Anderson: Broadly, we're in favor of Open Skies agreements, but we're also in favor of Fair Skies agreements. A number of those carriers are not airlines. They're governments. Those enterprises have huge subsidies and huge structural advantages. We've got to look at the balance of traffic to make for a level playing field. Fifth [freedom traffic rights] were really originally intended to be basically fuel stops, and we've reached a point now to be able to avoid fuel stops, so you can fly nonstop anywhere in the world.
On United's Integration In Concur TripLink:
Smisek: I would analogize our deal with Concur similarly to our wanting to be on every shelf, everywhere. We want to be omnipresent. However our buyers wish to buy our product, we wish to be there, and we have buyers interested in coming direct to us but making sure they have all the reporting, back-office function and duty of care. We want to facilitate that. We're not forcing anyone to use this. We want to move with technology.
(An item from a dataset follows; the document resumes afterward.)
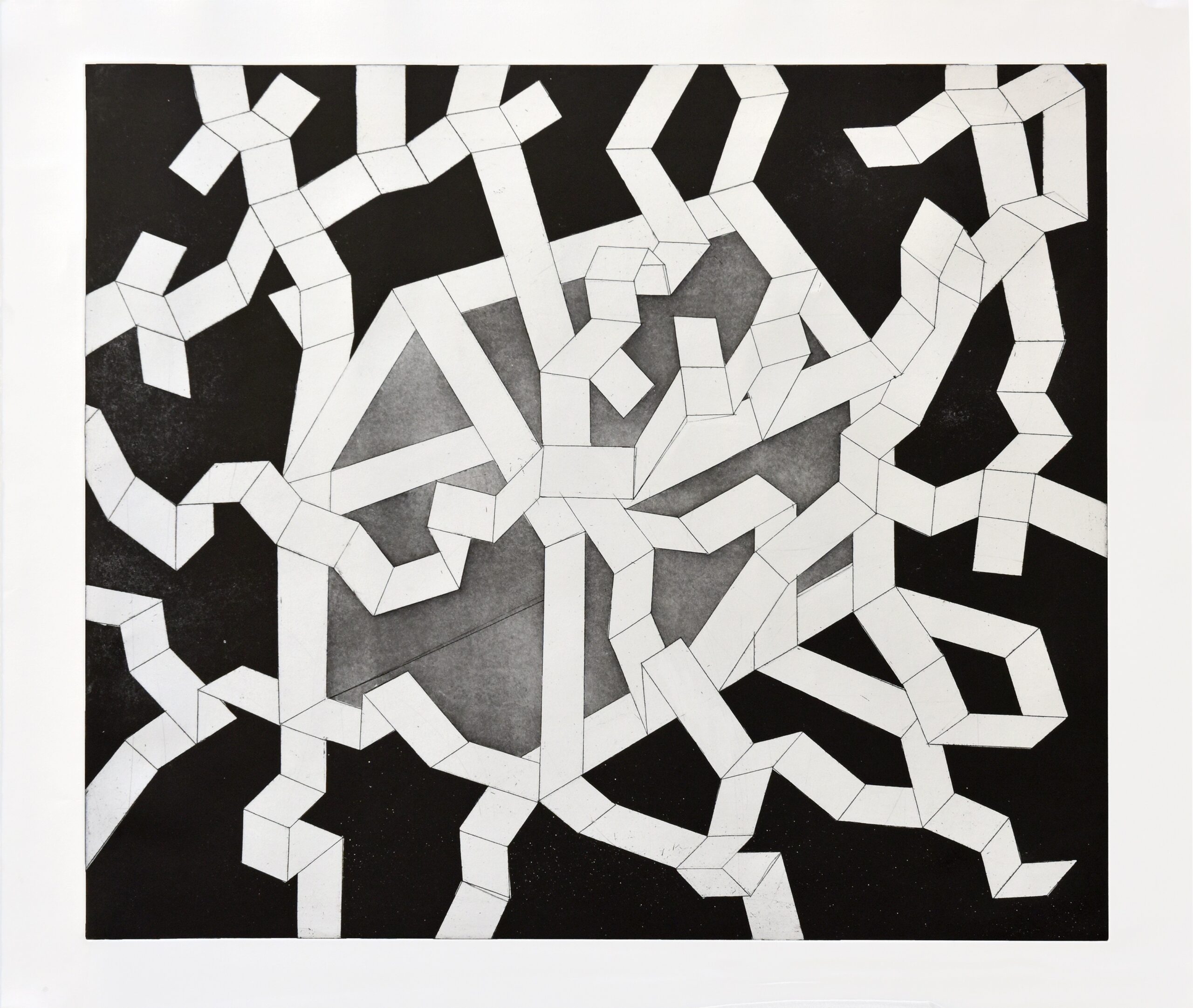 Brigitte Naprudnik hat, wie die anderen beiden Künstler*innen mit Eva Möseneder zusammengearbeitet, bei ihr gelernt. Die Künstlerin ist 1970 in Salzburg geboren, studierte an der Universität Mozarteum und arbeitet in Salzburg, derzeit in einem Förderatelier des Landes. In der grafischen Werkstatt im Traklhaus hat sie seit vergangenem Jahr verschiedene Serien geschaffen, in denen es auch um spezielle Präsentationen der einzelnen grafischen Blätter geht. Sie stellt unter anderem ein Objekt aus mit überarbeiteten Lithografien, die in geringem Abstand zueinander befestigt sind. Ihr geht es bei der Druckgrafik nicht um die Vervielfältigung, sondern um das Schaffen von Arbeiten, die irgendwie auch als Unikate dastehen.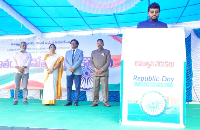 The 77th Republic Day celebrations were held on Monday at the corporate office of Andhra Pradesh Eastern Region Power Distribution Company (APEPDCL). On this occasion, the Chairman and Managing Director of the company Immadi Prithvithej unveiled the national flag. He then spoke. Certificates of appreciation were handed over to 80 employees who showed excellence in their duties on the occasion of Republic Day on Monday. Directors T.V. Suryaprakash, T. Vanaja, S. Haribabu, Chief Vigilance Officer K. V. Ramakrishnaprasad, CGMs D. Suman Kalyani, V. Vijayalalita, B. Ashok Kumar, L. Mahendranath, L. Daivaprasad, S. Vijayapratap, P. Venkateswara Rao, corporate office staff participated in this program.

On The Carriers' Respective Mergers:
Parker: Putting two airlines together is a really long and difficult process. For our customers, for the most part, by 2015, it should feel like one airline, but we certainly won't be done with the integration [with US Airways]. There's a tendency to try to put things together and try to come up with something even better, to integrate and innovate at the same time. What we're doing this time is relying mostly on American systems, because that causes the least disruption to the team, because more people are used to using those.
Smisek: A majority of our employees have now joined collective bargaining agreements. We have two larger groups left: one is our technicians and maintenance personnel, and one is our flight attendants. The flight attendants are taking longer than I would have wanted. We have three sets: the old Continental, the old Continental Micronesia and the old United, and they have very different forms of compensation. There's been some degree of difficulty in the three sets of unions coming together to decide what they want. I'm confident we'll reach an agreement, but I can't tell you when, because these things have a life of their own.
On Delta's Acquisition Of A Fuel Refinery:
Anderson: If you look in the last quarter, the second quarter of 2014, the industry average fuel price per gallon was $3.08, excluding Delta. Our fuel price was $2.93 per gallon. One penny per gallon is worth $10 million a quarter, so the advantage we've been able to build on fuel costs is large and sustainable.